Stored entries:
+++
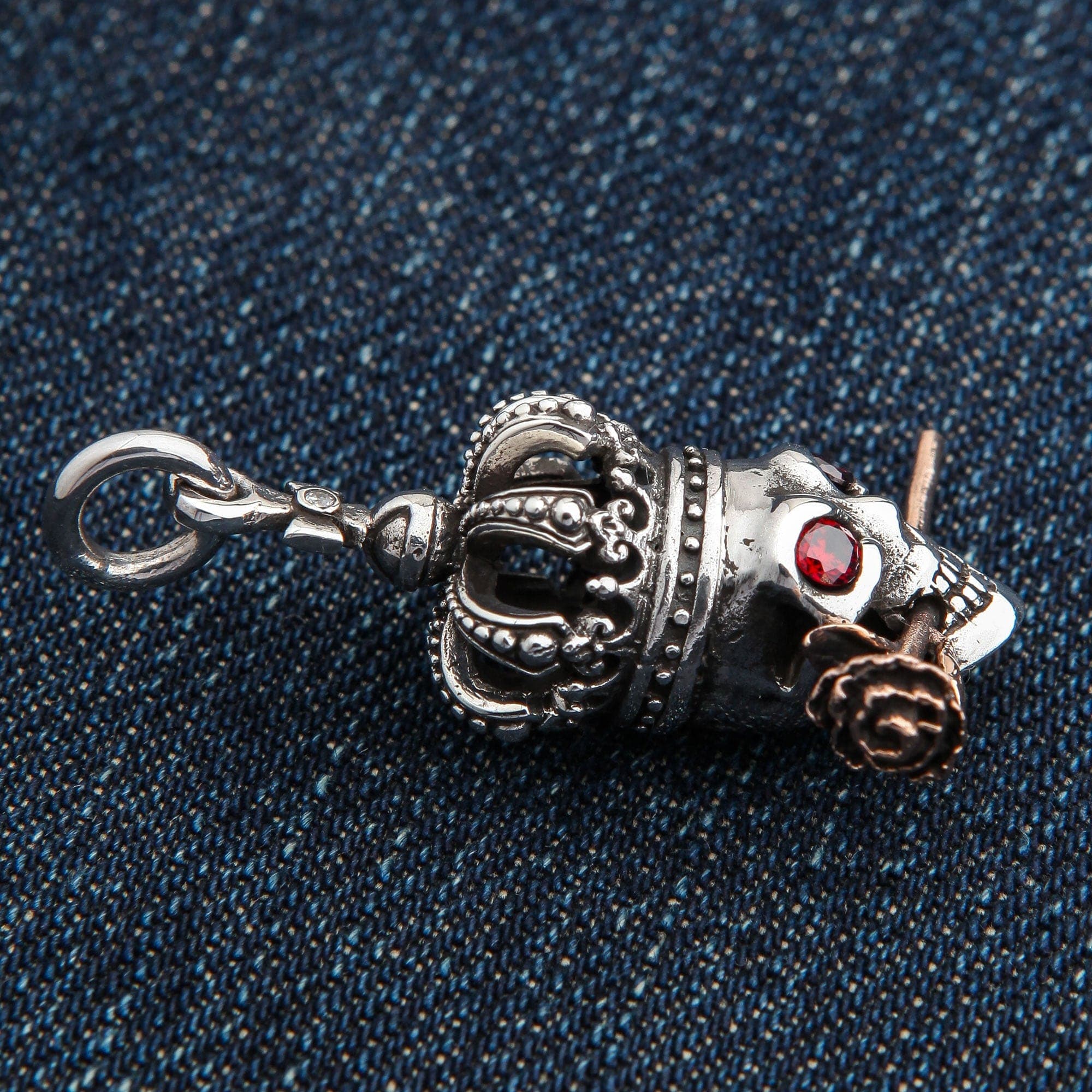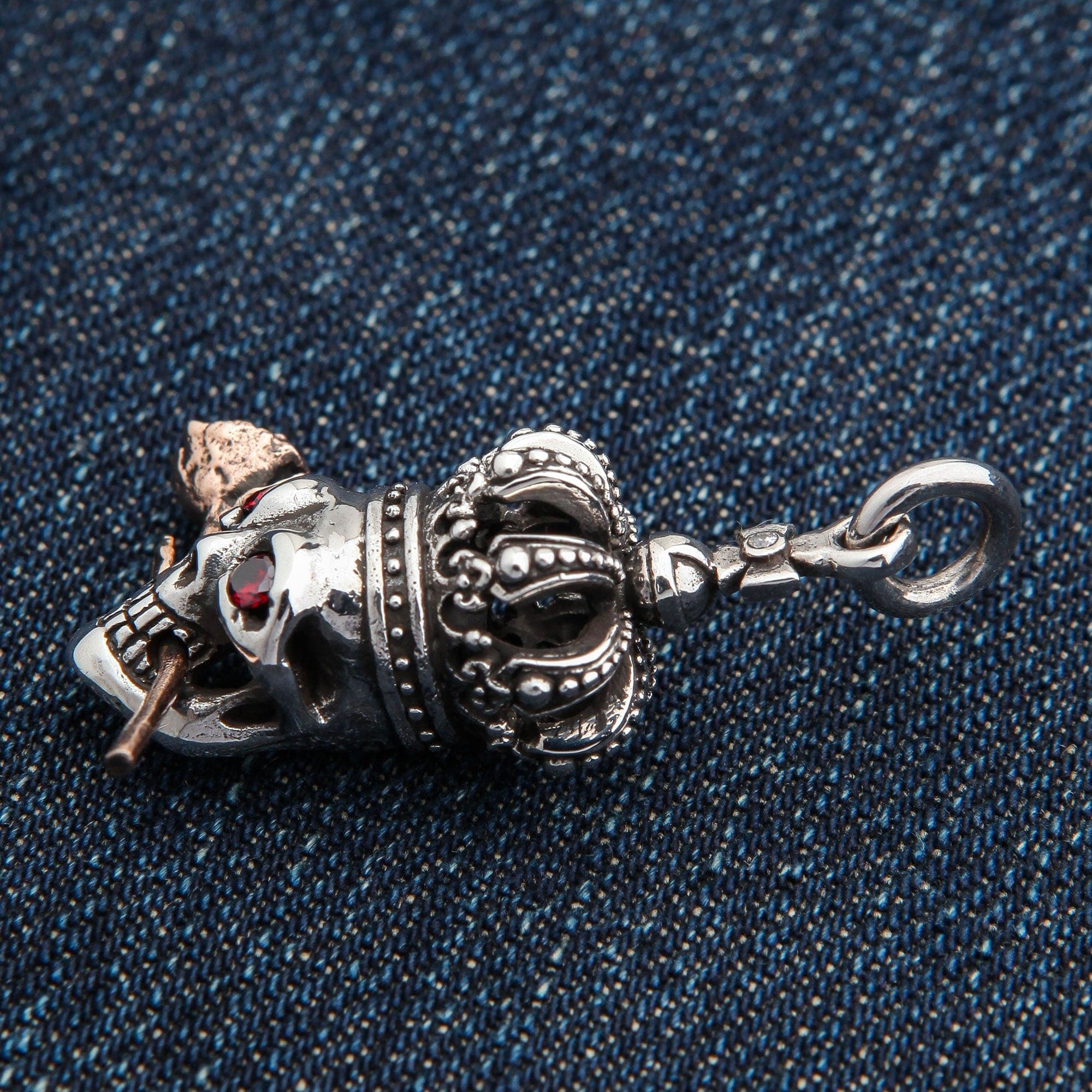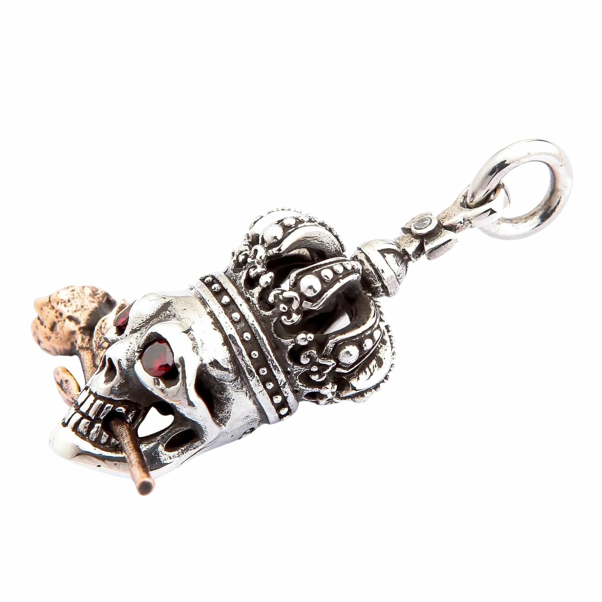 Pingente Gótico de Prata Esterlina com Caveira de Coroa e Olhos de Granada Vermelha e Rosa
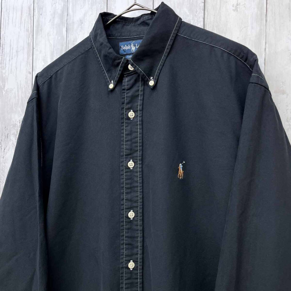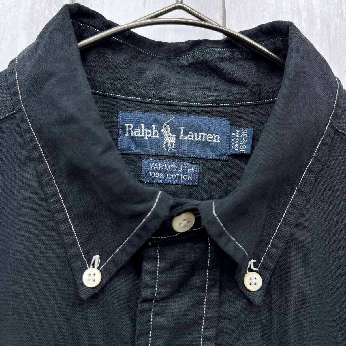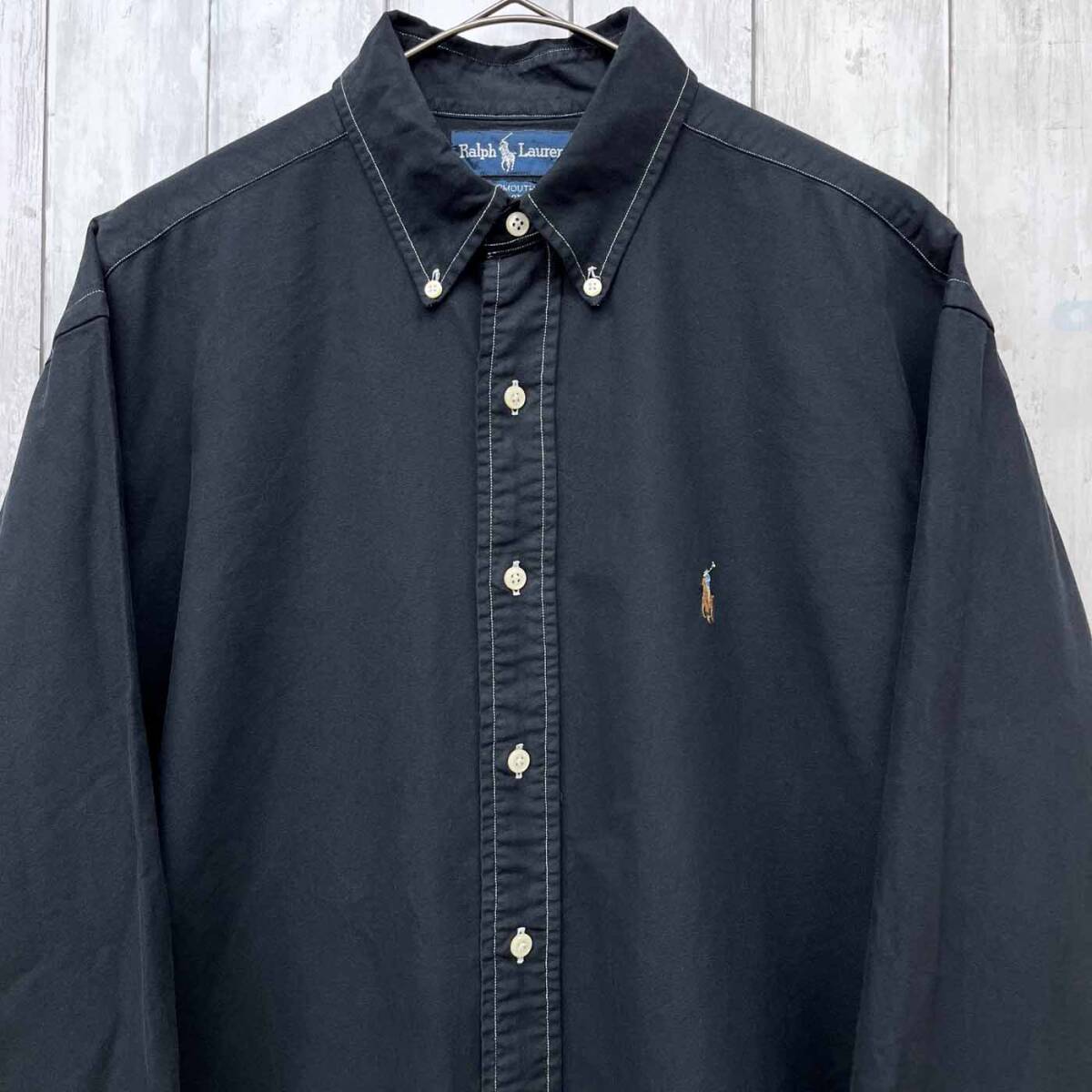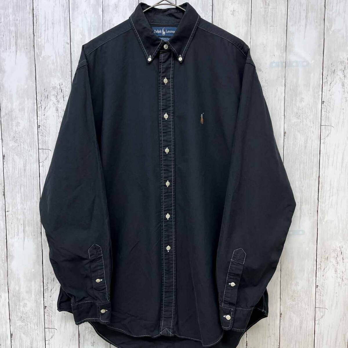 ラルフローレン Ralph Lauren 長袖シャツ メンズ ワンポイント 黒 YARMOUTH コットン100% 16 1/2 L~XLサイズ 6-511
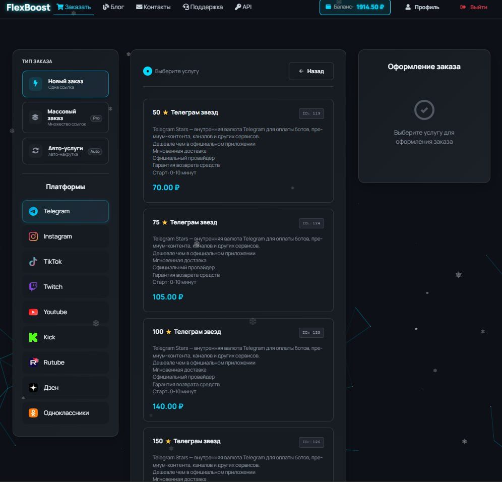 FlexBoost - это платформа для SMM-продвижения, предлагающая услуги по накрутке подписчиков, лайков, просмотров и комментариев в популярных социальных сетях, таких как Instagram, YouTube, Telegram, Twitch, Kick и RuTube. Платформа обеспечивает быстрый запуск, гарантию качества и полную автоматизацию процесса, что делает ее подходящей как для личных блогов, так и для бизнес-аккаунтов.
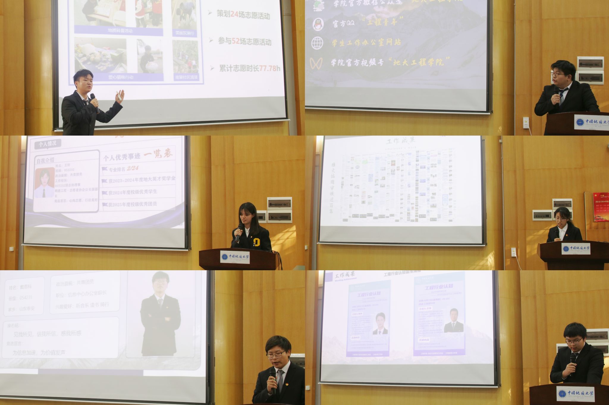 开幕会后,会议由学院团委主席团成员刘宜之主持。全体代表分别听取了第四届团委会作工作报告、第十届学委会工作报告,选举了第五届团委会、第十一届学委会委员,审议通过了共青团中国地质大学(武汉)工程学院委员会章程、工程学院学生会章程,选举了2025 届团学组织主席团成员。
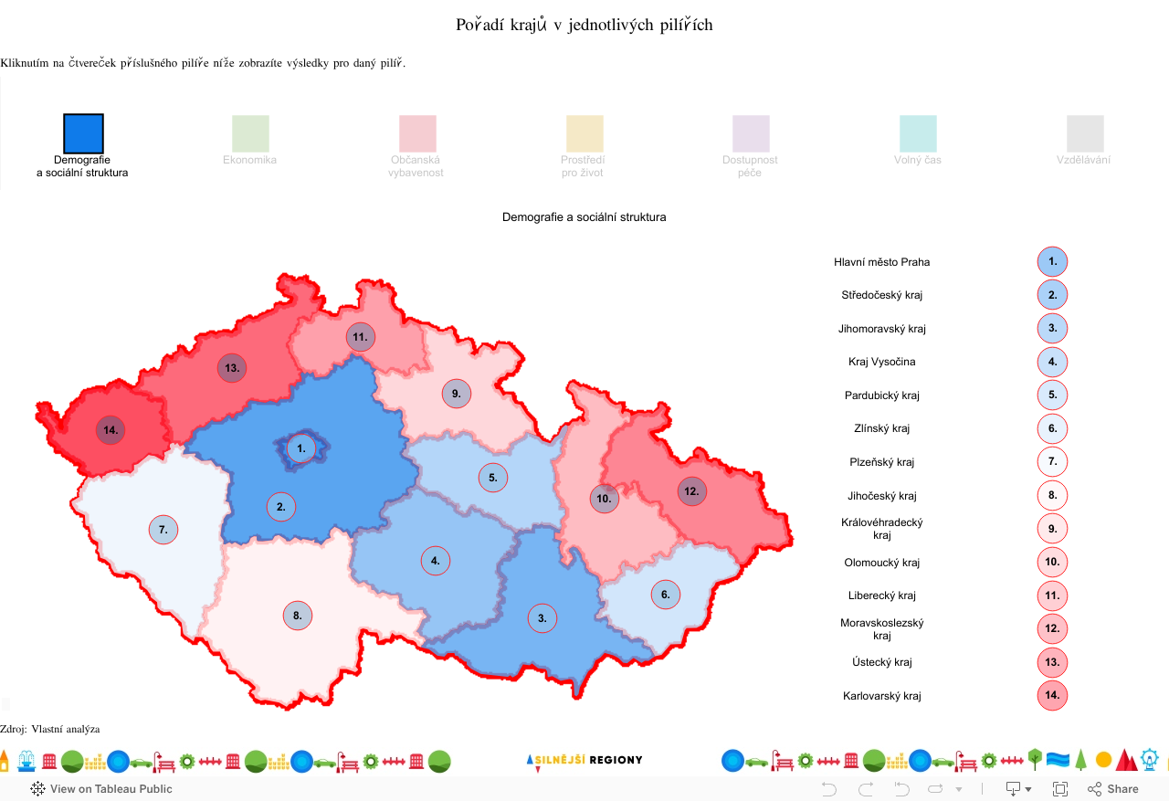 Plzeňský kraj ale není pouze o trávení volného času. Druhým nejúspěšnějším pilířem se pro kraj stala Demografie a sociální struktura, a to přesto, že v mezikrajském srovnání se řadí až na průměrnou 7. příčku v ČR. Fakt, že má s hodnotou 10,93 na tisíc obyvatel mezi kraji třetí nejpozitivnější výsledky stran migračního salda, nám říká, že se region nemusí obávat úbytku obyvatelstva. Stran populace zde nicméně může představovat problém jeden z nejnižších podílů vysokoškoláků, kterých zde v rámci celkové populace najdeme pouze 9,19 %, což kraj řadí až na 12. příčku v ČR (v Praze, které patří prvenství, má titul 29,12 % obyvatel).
+++
Before copying, set the pictures aside; then reproduce each entry above exactly.

 Pingente Gótico de Prata Esterlina com Caveira de Coroa e Olhos de Granada Vermelha e Rosa
 ラルフローレン Ralph Lauren 長袖シャツ メンズ ワンポイント 黒 YARMOUTH コットン100% 16 1/2 L~XLサイズ 6-511
 FlexBoost - это платформа для SMM-продвижения, предлагающая услуги по накрутке подписчиков, лайков, просмотров и комментариев в популярных социальных сетях, таких как Instagram, YouTube, Telegram, Twitch, Kick и RuTube. Платформа обеспечивает быстрый запуск, гарантию качества и полную автоматизацию процесса, что делает ее подходящей как для личных блогов, так и для бизнес-аккаунтов.
 开幕会后,会议由学院团委主席团成员刘宜之主持。全体代表分别听取了第四届团委会作工作报告、第十届学委会工作报告,选举了第五届团委会、第十一届学委会委员,审议通过了共青团中国地质大学(武汉)工程学院委员会章程、工程学院学生会章程,选举了2025 届团学组织主席团成员。
 Plzeňský kraj ale není pouze o trávení volného času. Druhým nejúspěšnějším pilířem se pro kraj stala Demografie a sociální struktura, a to přesto, že v mezikrajském srovnání se řadí až na průměrnou 7. příčku v ČR. Fakt, že má s hodnotou 10,93 na tisíc obyvatel mezi kraji třetí nejpozitivnější výsledky stran migračního salda, nám říká, že se region nemusí obávat úbytku obyvatelstva. Stran populace zde nicméně může představovat problém jeden z nejnižších podílů vysokoškoláků, kterých zde v rámci celkové populace najdeme pouze 9,19 %, což kraj řadí až na 12. příčku v ČR (v Praze, které patří prvenství, má titul 29,12 % obyvatel).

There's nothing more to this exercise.